_Dataset section_
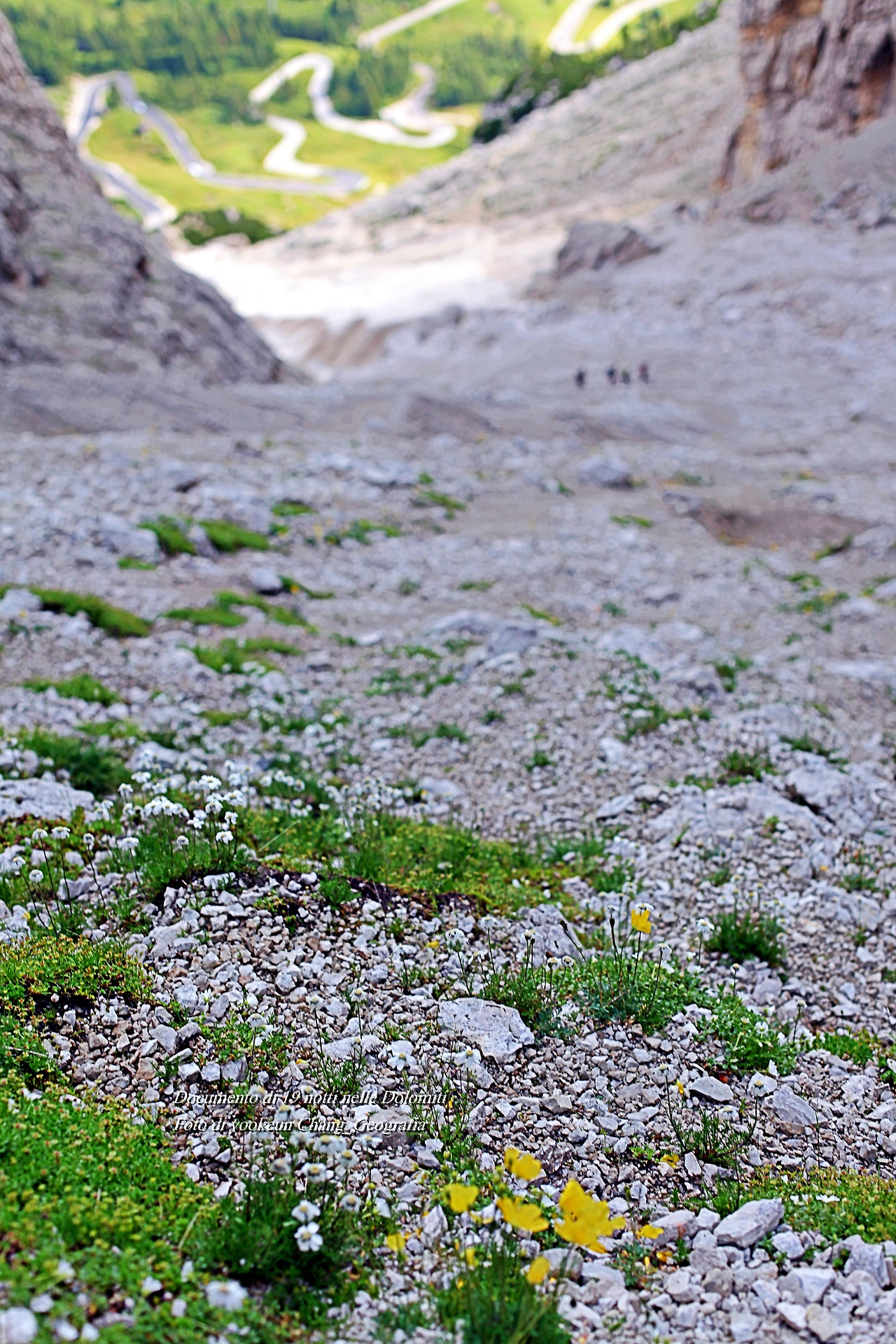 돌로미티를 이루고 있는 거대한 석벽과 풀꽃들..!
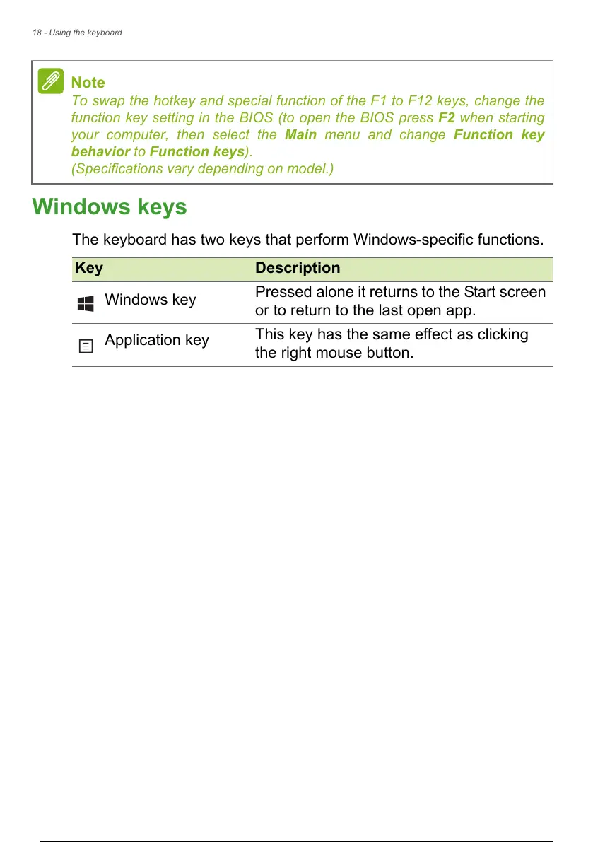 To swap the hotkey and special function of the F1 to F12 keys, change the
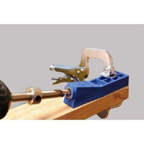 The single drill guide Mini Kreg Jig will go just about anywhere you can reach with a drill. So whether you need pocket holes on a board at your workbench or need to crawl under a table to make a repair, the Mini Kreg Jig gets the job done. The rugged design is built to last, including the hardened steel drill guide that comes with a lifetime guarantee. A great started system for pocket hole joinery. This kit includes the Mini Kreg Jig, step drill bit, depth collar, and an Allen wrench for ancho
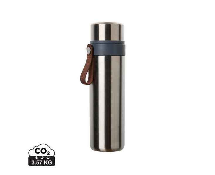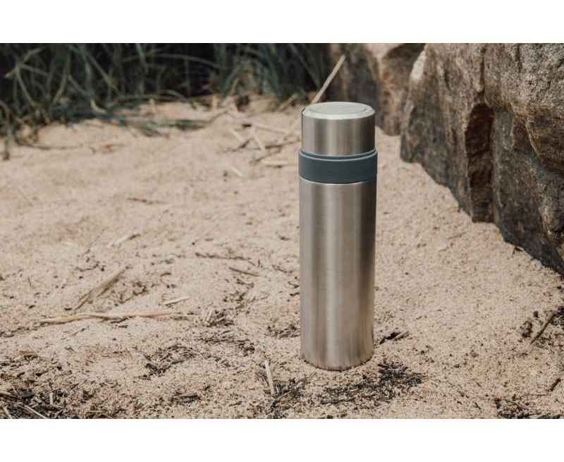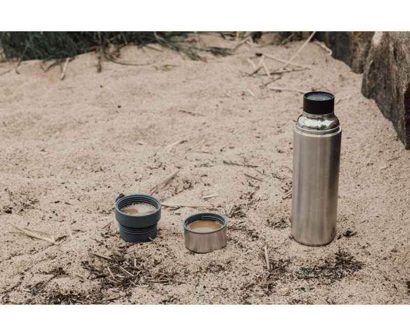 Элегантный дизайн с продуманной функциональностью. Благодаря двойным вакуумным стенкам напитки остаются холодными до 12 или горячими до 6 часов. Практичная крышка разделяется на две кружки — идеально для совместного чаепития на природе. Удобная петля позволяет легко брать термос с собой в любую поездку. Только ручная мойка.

_Requirement_
Quote the listing above in full, except for the pictures.

_Solution for this task_
 돌로미티를 이루고 있는 거대한 석벽과 풀꽃들..!
 To swap the hotkey and special function of the F1 to F12 keys, change the
 The single drill guide Mini Kreg Jig will go just about anywhere you can reach with a drill. So whether you need pocket holes on a board at your workbench or need to crawl under a table to make a repair, the Mini Kreg Jig gets the job done. The rugged design is built to last, including the hardened steel drill guide that comes with a lifetime guarantee. A great started system for pocket hole joinery. This kit includes the Mini Kreg Jig, step drill bit, depth collar, and an Allen wrench for ancho
 Элегантный дизайн с продуманной функциональностью. Благодаря двойным вакуумным стенкам напитки остаются холодными до 12 или горячими до 6 часов. Практичная крышка разделяется на две кружки — идеально для совместного чаепития на природе. Удобная петля позволяет легко брать термос с собой в любую поездку. Только ручная мойка.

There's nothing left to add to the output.